Two plays penned in the ‘70s by towering British playwrights opened in New York last week, each with vastly different approaches to tackling the nature of sexuality and desire.
Clive Owen stars in Harold Pinter's Old Times (which opened on Broadway October 6 at the American Airlines Theatre), an enigmatic drama centered on a love triangle that leaves viewers with more questions than answers.
Caryl Churchill's seminal play Cloud Nine (which opened October 5 at the Atlantic Theatre Company), on the other hand, spells out more explicit truths about everything from unrequited love to masturbation than you're ever likely to hear in one sitting.
Old Times opens on a couple (Owen's character, Deeley; and Kate, played by Kelly Reilly) in their home in a remote English town, smoking cigarettes and discussing Kate's old friend Anna (Eve Best), who's coming for a visit after a long absence. When Anna arrives, she recounts the fun-filled years when she and Kate were twentysomething roommates in London, frequenting cafés and soaking up city life. It's revealed that Deeley knows Anna from these years, too, as he recalls a party where he looked up her skirt (it's also revealed that she was wearing Kate's underwear at the time). The dynamics shift into a sort of duel between Deeley and Anna over who stakes a greater claim over Kate.
Roundabout Theatre Company's production, directed by Douglas Hodge (who's also an actor, last seen on Broadway in La Cage Aux Folles), makes clear, not so subtly and from the get-go, that we're likely someplace where space and time are less than fixed. This is largely thanks to designer Christine Jones' cosmic backdrop and what appears to be a large block of ice in the middle of the stage. (Original music from Radiohead frontman Thom Yorke helps, too.) In the end, the story swirls with questions: Is everyone on stage real? Or is anyone imaginary/ already dead? Who takes a bath in the middle of a quasi dinner party?

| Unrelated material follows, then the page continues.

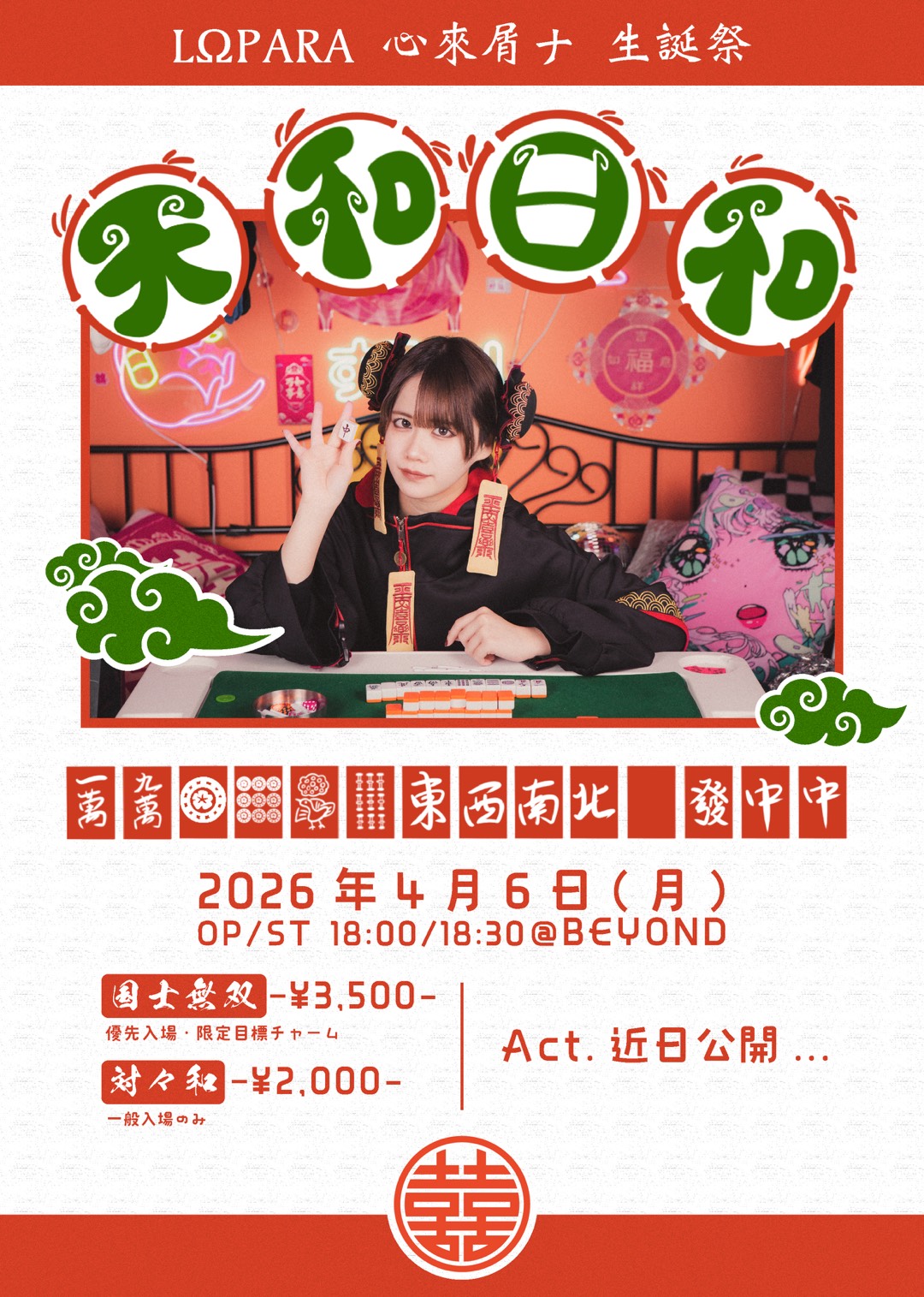 04.06(Mon) LΩPARA 心來屑ナ生誕祭『天和日和』 アメリカ村BEYOND X Facebook LINE コピー 2026.03.09 ACT LΩPARA イベント詳細 アメリカ村 BEYONDベースオントップグループのライブハウス『アメリカ村 BEYOND(ビヨンド)』大阪アメリカ村の中心地にあるライブハウスです。

As is true of much of Pinter's work (and, well, of British people generally), characters don't often directly say what they mean, and more can be inferred from how someone says something (or what they don't say) than from what is actually being said. In this case, the subtext is all sex. Best and Reilly both exude a sort of carnal energy that keeps the show's swift 70 minutes palpitating with lust, both acknowledged and buried. Owen is lucky if he can keep up.
Churchill's characters take the opposite approach, declaring their desires straightforwardly and with abandon at every opportunity. The playwright eschews subtext for a radical honesty that is often both hilarious and deeply affecting.
Cloud Nine's first half finds a British family living in a colony of Africa during Victorian times. The patriarch, Clive (Clarke Thorrell), is joined by his wife, Betty (played by Chris Perfetti in female garb), his son, Edward (played by Brooke Bloom, in boys' garb), Betty's mother (Lucy Owen), a black servant (played by white actor Sean Dugan) and a governess (Izzie Steele). With the separate arrival of two visitors, the family's neighbor, Mrs. Saunders (also played by Steele), and Clive's friend Harry (John Sanders), a lascivious explorer, nearly everyone lusts after someone forbidden to them.
The second half takes place in 1979 (when the play was written), though as the program notes, only 25 years have passed for the characters. We find Betty (now a grandmother, played by Bloom), Edward (Perfetti), and his sister Victoria (Owens, in a role played by a baby doll in the first act) living in London. The siblings become variously involved with Lin (Steele), a lesbian divorcée with a young, pigtailed daughter (played with great range by Thorrell). Dugan plays Edward's on-again, off-again lover, and Sanders plays Victoria's estranged husband Martin.
The production, performed in the round and directed by James Macdonald, a longtime collaborator of Churchill's, is an appropriately intimate treatment of intimate subjects. The cast is uniformly superb, particularly Ms. Bloom, who as both Edward and Betty, seems always on the verge of immense outbursts of feeling, even while playing with a doll or meeting a stranger in the park.
The shuffling of players, including their cross-dressing, lends integral color to Churchill's exploration of kinship, gender politics, and shifting ideologies. In their grappling with what they want and from whom, and whether they are allowed to want it and by whom, there are levels are truth that are likely to astound.